- _Task to carry out_
Reproduce, exactly and in full, the lines from the one with "Organic cotton- and" through the one with "Bague en or" in the data below; drop pictures.

——

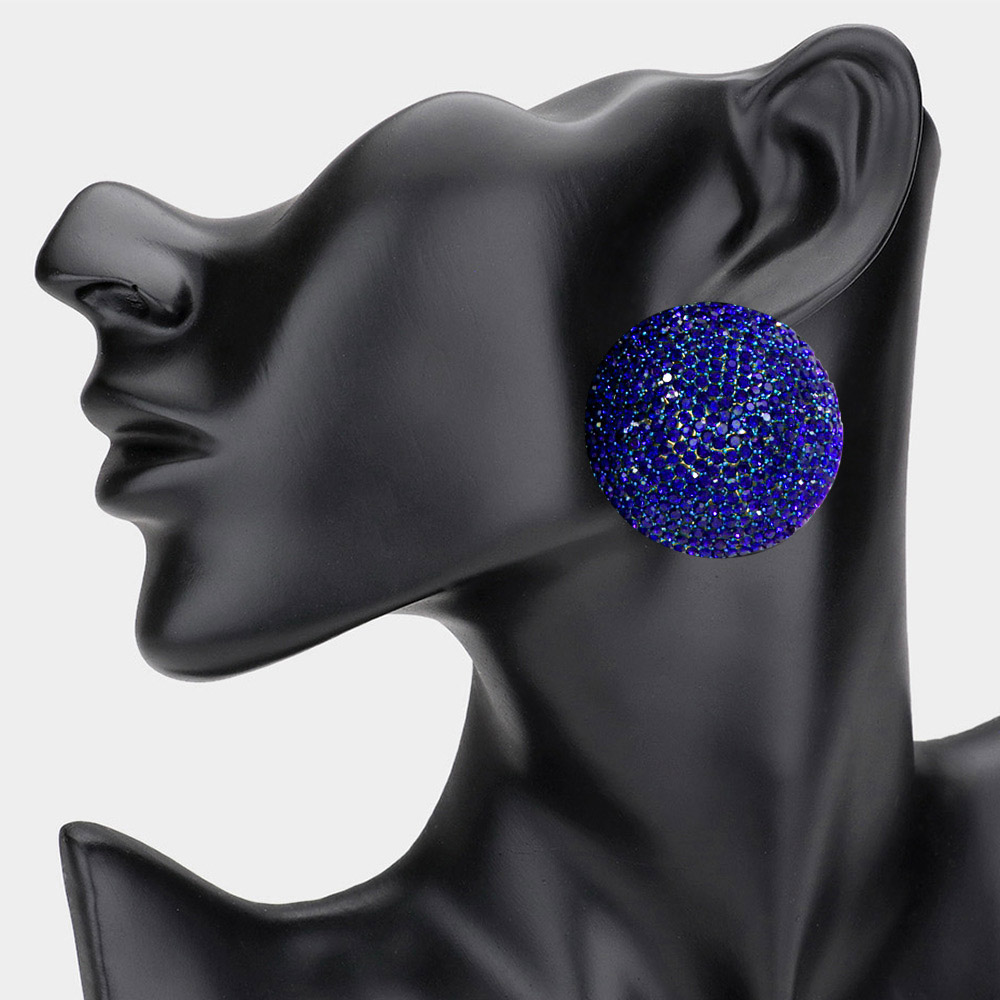 Details • Size : 1.75" X 1.75" • Post Back • These bold round statement earrings shimmer with countless crystals, creating a dazzling and sophisticated look. Perfect for special occasions or evening wear, their striking design captures attention effortlessly, adding a glamorous touch to any outfit with timeless elegance. • Lead and Nickel Compliant
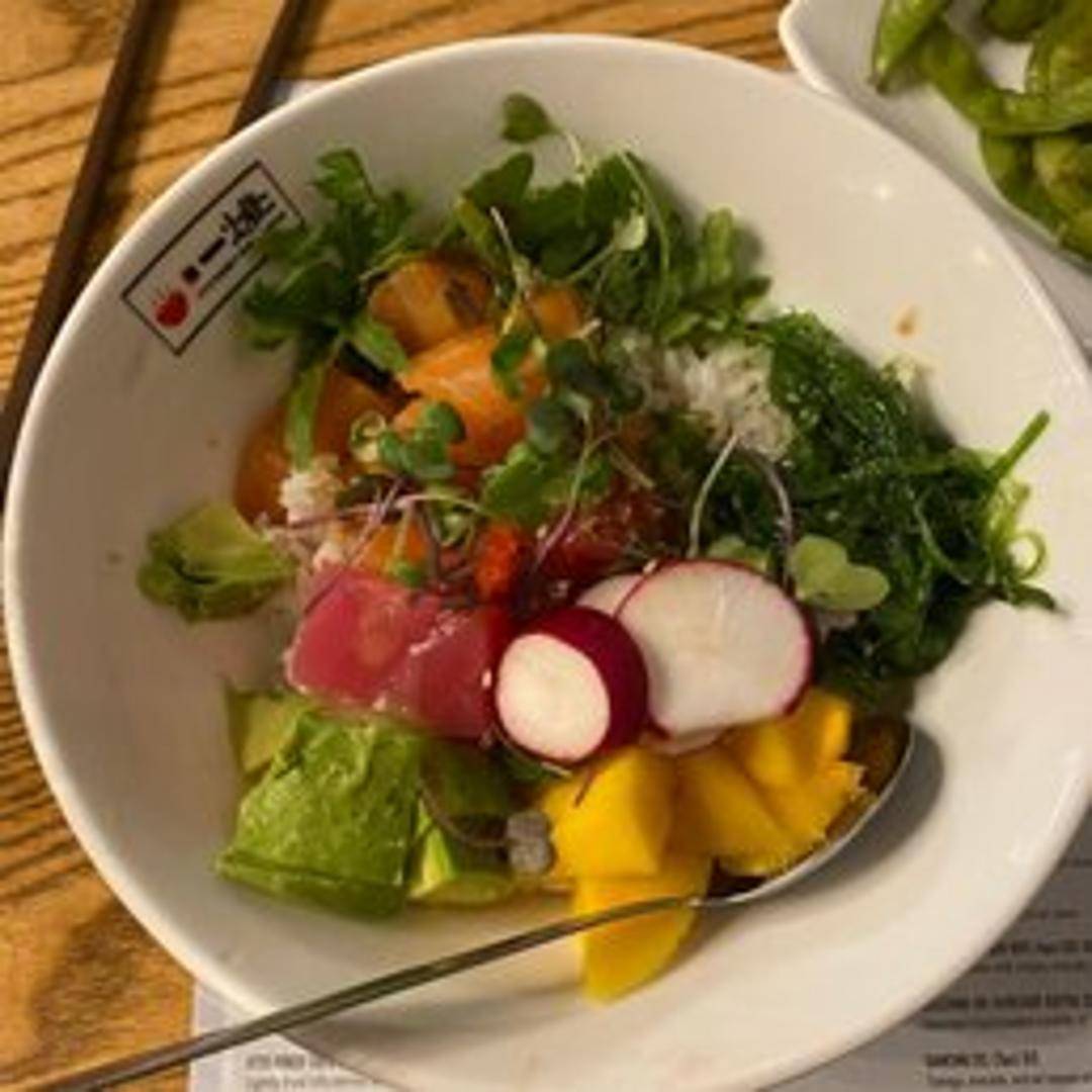 A vibrant and refreshing bowl filled with marinated raw fish (typically tuna or salmon), sushi rice, and an assortment of fresh toppings. Includes avocado, seaweed salad, edamame, cucumber, and a drizzle of our signature poke sauce. A healthy and customizable lunch or dinner option.
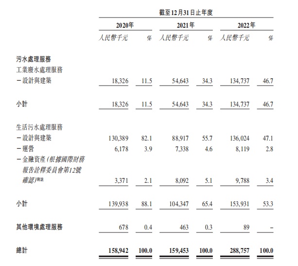 招股书显示,于最后实际可行日期,公司在安徽、河北亦有13个生活污水处理项目根据特许经营模式进行。此外,公司于往绩记录期完成22个生活污水处理项目的设计及建设工作。期内,来自生活污水处理项目的收益分别占总收益的88.1%、65.4%及53.3%。
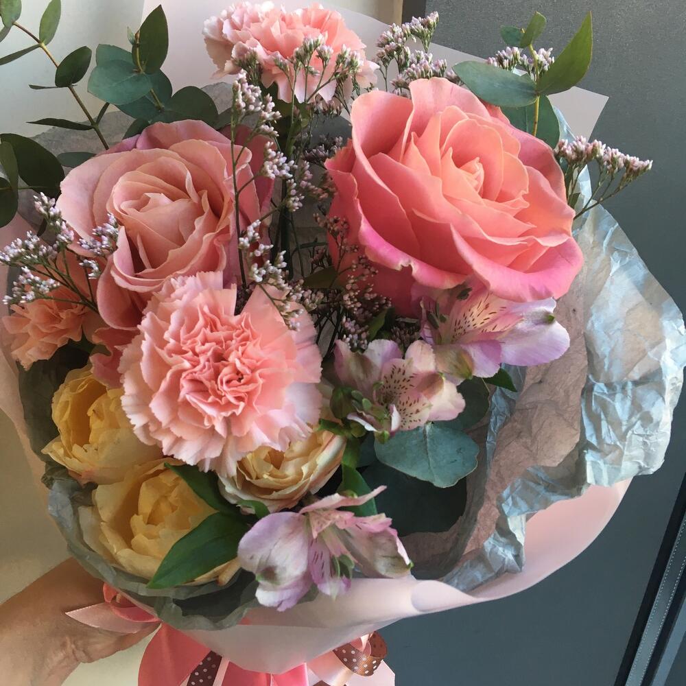 Роза – 2 шт.Гвоздика – 3 шт.Альстромерия – 1 шт.Роза кустовая – 1 шт.Лимониум – 1 шт.Упаковка дизайнерская – 1 шт.
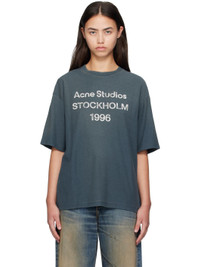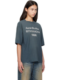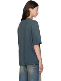 Organic cotton- and True hemp-blend jersey T-shirt. · Sprayed dye throughout · Subtle distressing at rib-knit crewneck, hem, and cuffs · Logo and text printed at front · Dropped shoulders Supplier color: Deep Blue 85% cotton, 15% true hemp. Made in Portugal 252129F110002
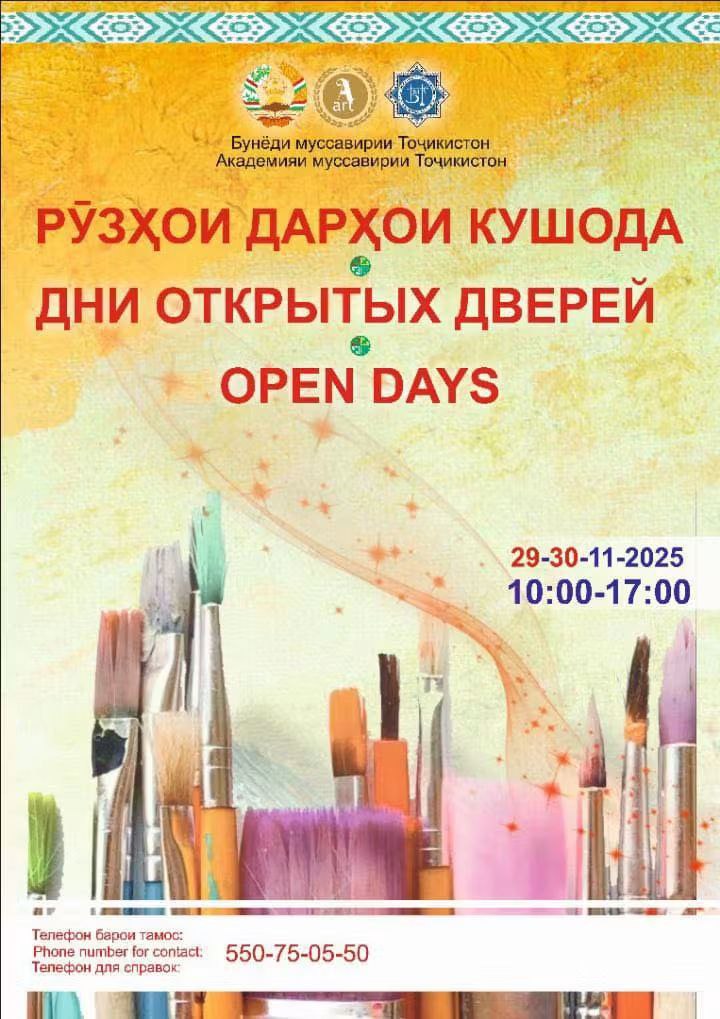 В Академии художеств Таджикистана (Худфонд) 29 и 30 ноября с 10:00 до 17:00 пройдут Дни открытых дверей. Это время, любой желающий будет дорогим гостем и может погрузиться в мир изобразительного искусства! Здесь вы можете не только посмотреть готовые работы (живопись, скульптура, резьба по дереву, мозаика), но и понаблюдать за процессом работы таджикских мастеров кисти. Понравившиеся работы можно приобрести из первых рук.
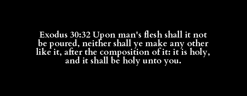 Exodus 30:32 Upon man's flesh shall it not be poured, neither shall ye make any other like it, after the composition of it: it is holy, and it shall be holy unto you.
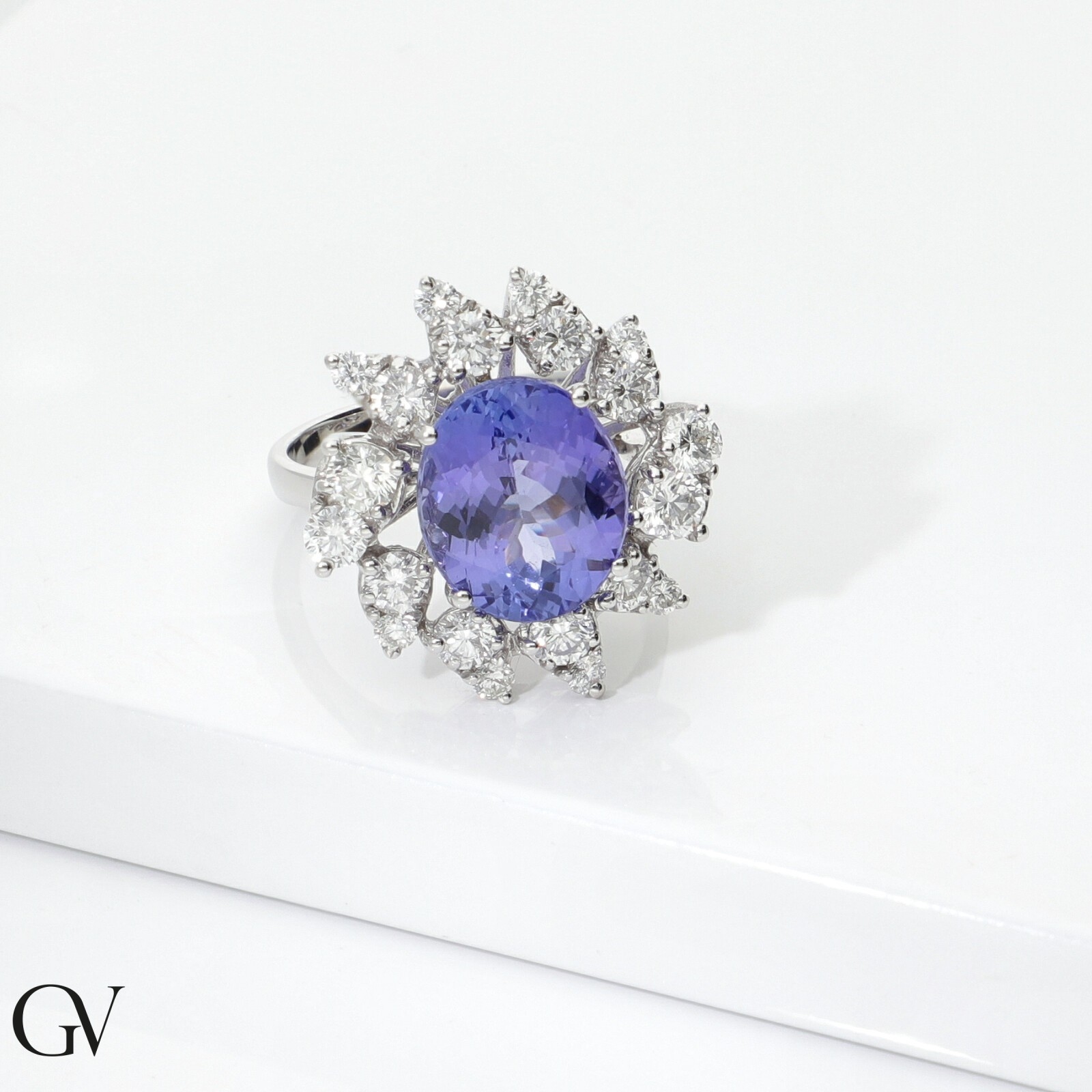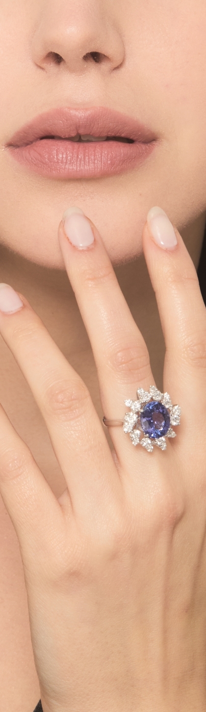 Bague en or blanc 18k avec une tanzanite ovale et des diamants
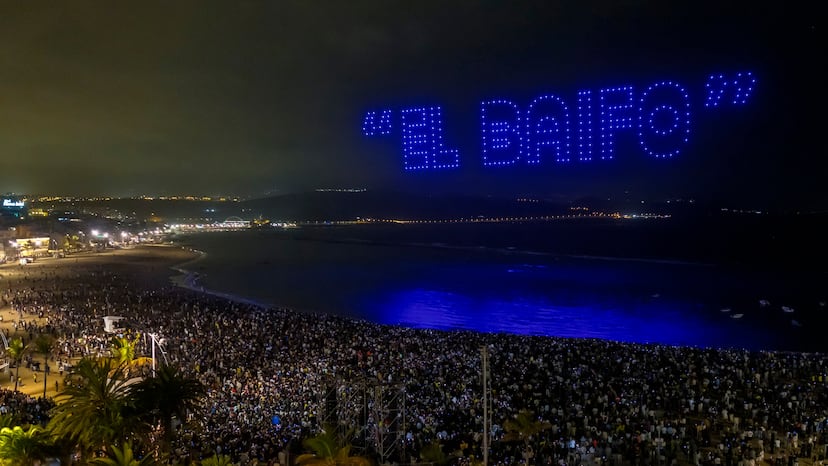 Quevedo ha anunciado este lunes que publica "esta semana" de su tercer álbum, 'El Baifo', y lo ha hecho con un espectáculo de drones que ha congregado a miles de personas en Las Palmas de Gran Canaria.Foto: Ángel Medina G (EFE) | Vídeo: EPV
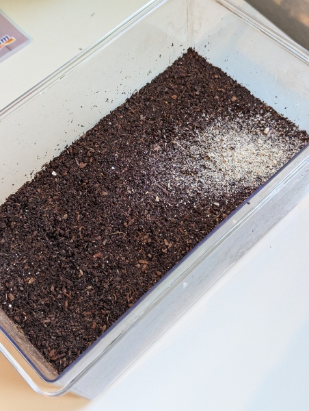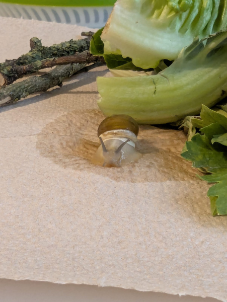 wir haben nun ein Habitat für die kleine hergestellt. Erde mit Kalk aufgewertet und ein wenig zusätzlich gestreut und schon durfte sie einziehen. Tatsächlich haben wir noch eine zweite Schnecke im nächsten Salat gefunden. Diese ist viel kleiner und hat sich direkt verschanzt. Habt ihr eine Idee, mit wem wir es hier zu tun haben?

——

- _Expected output_
 Organic cotton- and True hemp-blend jersey T-shirt. · Sprayed dye throughout · Subtle distressing at rib-knit crewneck, hem, and cuffs · Logo and text printed at front · Dropped shoulders Supplier color: Deep Blue 85% cotton, 15% true hemp. Made in Portugal 252129F110002
 В Академии художеств Таджикистана (Худфонд) 29 и 30 ноября с 10:00 до 17:00 пройдут Дни открытых дверей. Это время, любой желающий будет дорогим гостем и может погрузиться в мир изобразительного искусства! Здесь вы можете не только посмотреть готовые работы (живопись, скульптура, резьба по дереву, мозаика), но и понаблюдать за процессом работы таджикских мастеров кисти. Понравившиеся работы можно приобрести из первых рук.
 Exodus 30:32 Upon man's flesh shall it not be poured, neither shall ye make any other like it, after the composition of it: it is holy, and it shall be holy unto you.
 Bague en or blanc 18k avec une tanzanite ovale et des diamants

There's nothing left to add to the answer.